On July 27, 2022, the Consumer Financial Protection Bureau (CFPB) released new FAQs in connection with the Debt Collection Rule set forth in Regulation F. The new FAQs address electronic communication requirements and opt-out notices, as well as restrictions on third-party communications.

Among other things, these updated FAQs address electronic communication issues such as whether a debt collector is required to communicate electronically with a consumer (answer: no), what is a reasonable and simple method for consumers to opt-out of electronic communications (examples include a hyperlink or allowing the consumer to reply with the word “stop”), and whether the general prohibition on third-party communications applies to electronic communications (answer: yes). The FAQs on electronic communications further clarify that a consumer’s opt-out request is effective even if it does not conform to the debt collector’s opt-out instructions (e.g., the debt collector instructs that the consumer may opt-out by replying “unsubscribe,” but the consumer replies with a request to “stop” or “cancel” electronic communications).
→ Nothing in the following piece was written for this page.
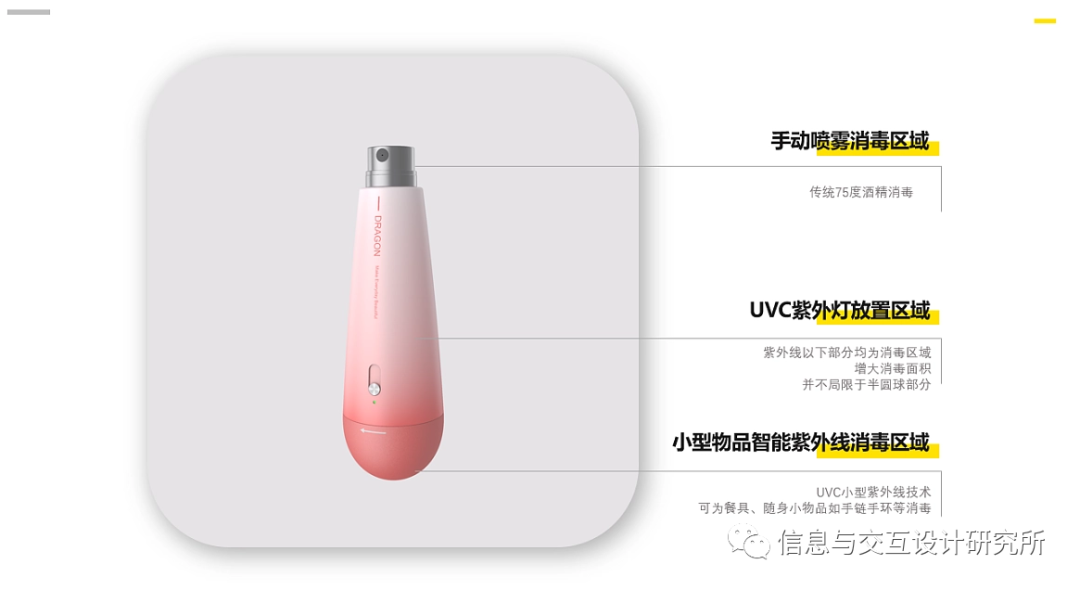 “减”的装饰元素采用简洁流畅的线条和朴素装饰形状,抛弃了原始繁琐而复杂的设计元素,并使用留白设计营造产品在空间的个性与宁静。在材料上,消毒器整体使用可降解塑料和优质的石英玻璃管, “减”以白色为主,加以黑色点缀,简单优雅。一键式消毒,人性化设计在“减”中无处不在,从时间延伸到空间,从物质世界升华到精神世界。
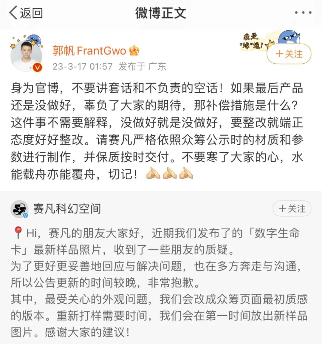 17日深夜两点,《流浪地球》系列导演郭帆转发微博表示:身为官博,不要讲套话和不负责的空话!如果最后产品还是没做好,辜负了大家的期待,那补偿措施是什么?这件事不需要解释,没做好就是没做好,要整改就端正态度好好整改。请赛凡严格依照众筹公示时的材质和参数进行制作,并保质按时交付。不要寒了大家的心,水能载舟亦能覆舟,切记!

The CFPB also updated its FAQs regarding limitations on communications at unusual or inconvenient times or places. One such FAQ answer notes that the Debt Collection Rule does not define any per-se unusual or inconvenient places, though certain communications media may be known by the debt collector as being associated with a place that the consumer has deemed inconvenient (such as the consumer’s home landline number). The CFPB notes that the prohibition on communicating at unusual or inconvenient places does not prohibit a debt collector from communicating with a consumer through media not associated with a place unless the debt collector knows that the consumer is at an unusual place or knows that the consumer is at a place that the debt collector knows or should know is inconvenient to the consumer.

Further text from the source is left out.